Synthesis of Glycan Antigens for Therapeutic Antibodies and Glycoconjugate Vaccines, Synthesis of an Inflammatory Pentasaccharide, and Design and Synthesis of Ceragenins for use in Medical Devices and Osteomyelitis

Gubler, Shawn 12 December 2024 (has links) (PDF)
A promising approach in combatting infections from antibiotic resistant bacteria/fungi is using therapeutic monoclonal antibodies (mAbs) that can bind the outer surfaces of microbes. We have developed a synthetic vaccine platform that can rapidly generate mAbs against surface glycans from desired strains, such as lipopolysaccharides and capsular polysaccharides.
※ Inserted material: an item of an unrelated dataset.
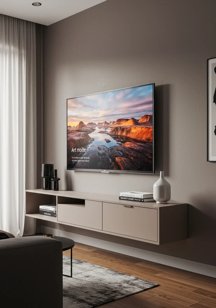 A key smart design trend for a small 2026 space. A large black TV screen can be a visual black hole. An Art TV (like the Samsung The Frame) is a game-changer. When off it displays a beautiful piece of art making your TV disappear into your stylish gallery wall.
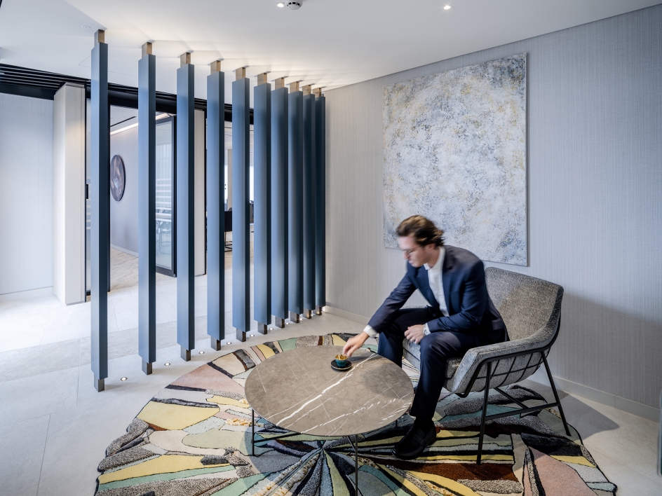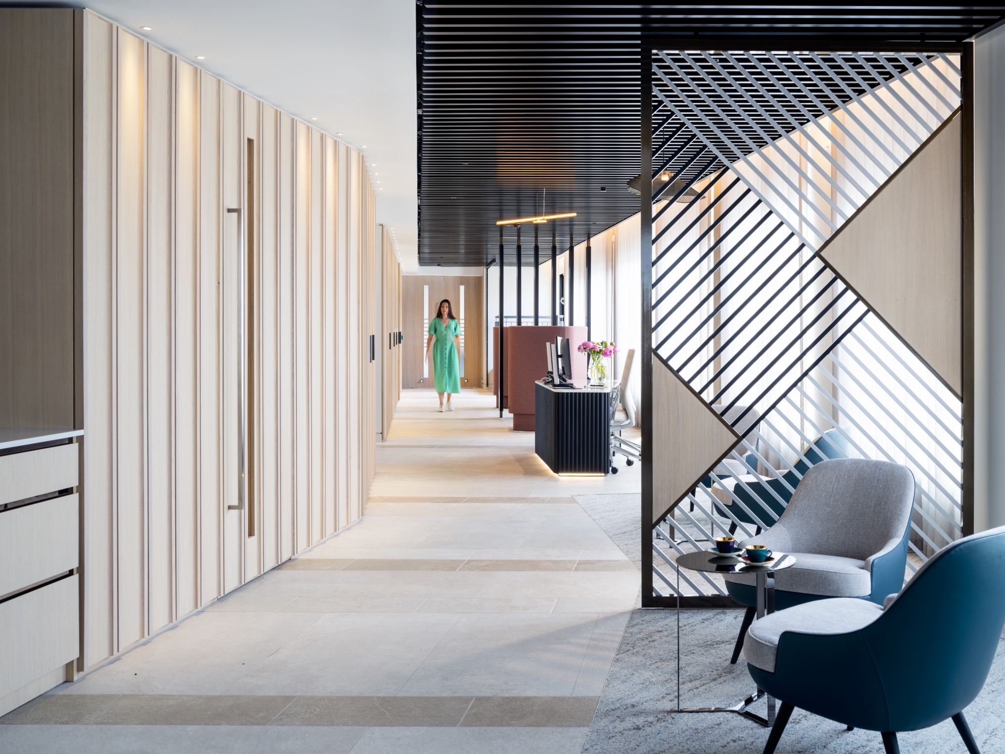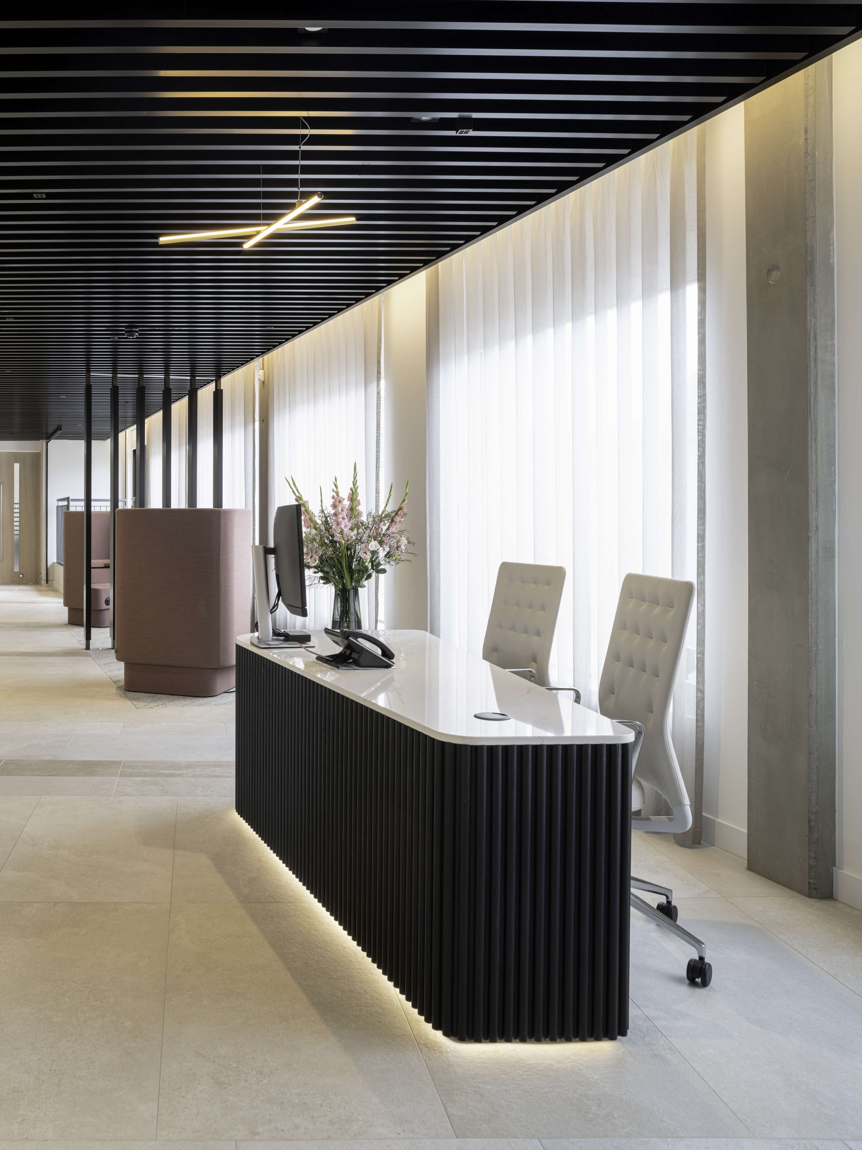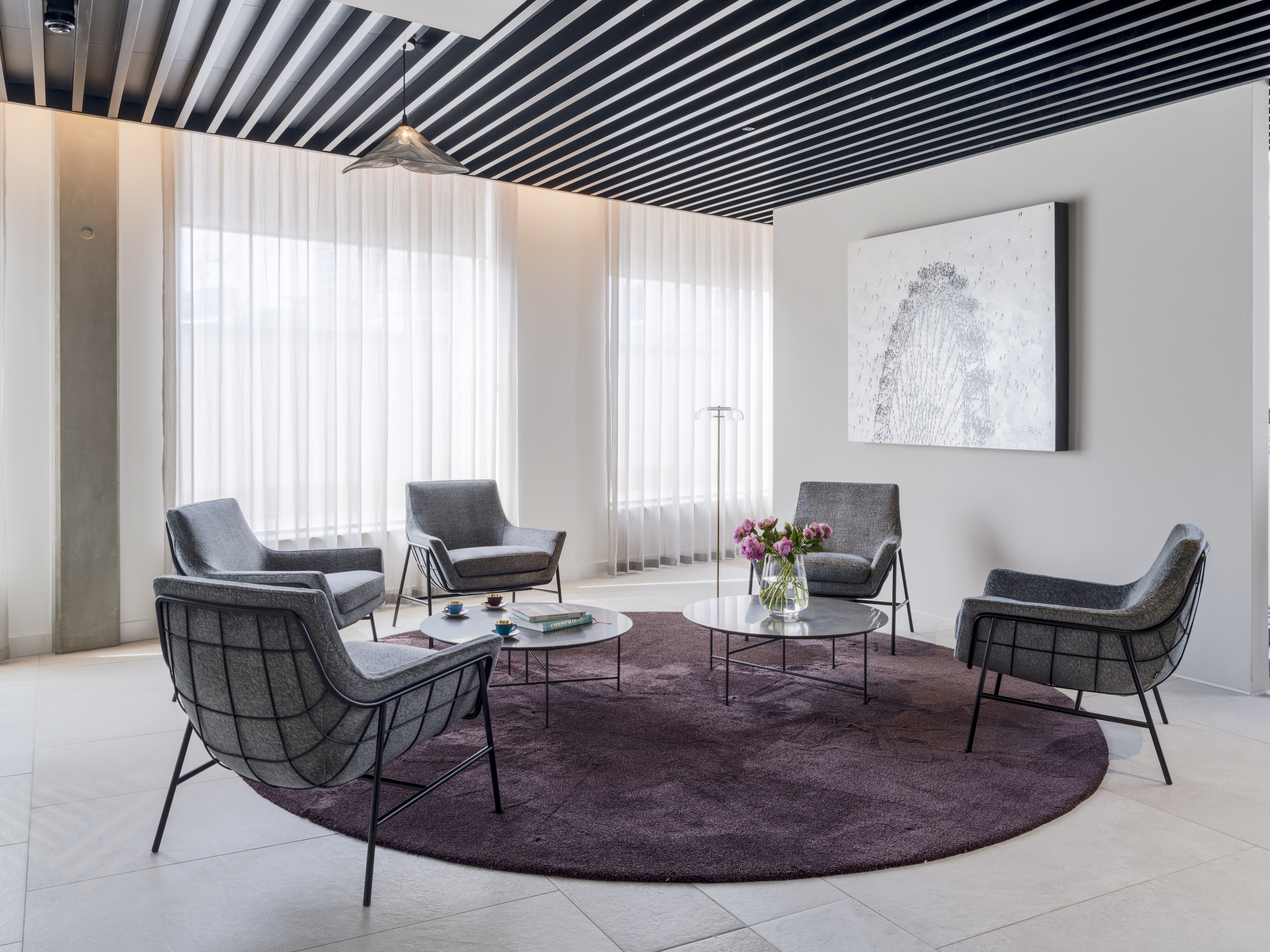 One outstanding feature is the statement chandelier in reception in which horizontal and vertical linear lights strike a balance between architectural and ambient lighting and provide a visual pathway into the building. Another is illuminated ceiling panels tuned to a cycle that mimics the changing colour temperature of daylight, helping to balance the circadian rhythms of people attending all-day meetings in areas devoid of natural light.

To create therapeutic antibodies against Ruminococcus gnavus, Burkholderia multivorans, and Staphylococcus aureus, we synthesize glycan antigens from each strain that are necessary for use in our glycoconjugate vaccine platform. Blooms of the Gram-positive bacterium Ruminococcus gnavus have been correlated with inflammatory bowel disease, and recently a polysaccharide produced by this organism was shown to stimulate release of inflammatory cytokines. This stimulation was proposed to signal through toll-like receptor 4. We have synthesized the pentasaccharide repeating unit of this polysaccharide and showed that it stimulates TNF-α and IL-6 release from bone marrow-derived dendritic cells in a TLR4-dependent manner. A related glycan does not stimulate significant cytokine release, demonstrating TLR4 selectivity in glycan recognition. Ceragenins are a class of antimicrobials that have broad-spectrum activity against many antimicrobial resistant strains of fungi, Gram-negative bacteria, and Gram-positive bacteria. Previous work has shown that ceragenins can tolerate large structural modifications without loss of activity, such as incorporation of long polyethylene glycol linkers and other domains with selective binding activities. Here we perform structure activity relationship studies of the tail domain of ceragenins to bind hydroxyapatite to combat bone infection, copper for preventing implant related infections, and as a bioresorbable antimicrobial for use in bioresorbable medical devices.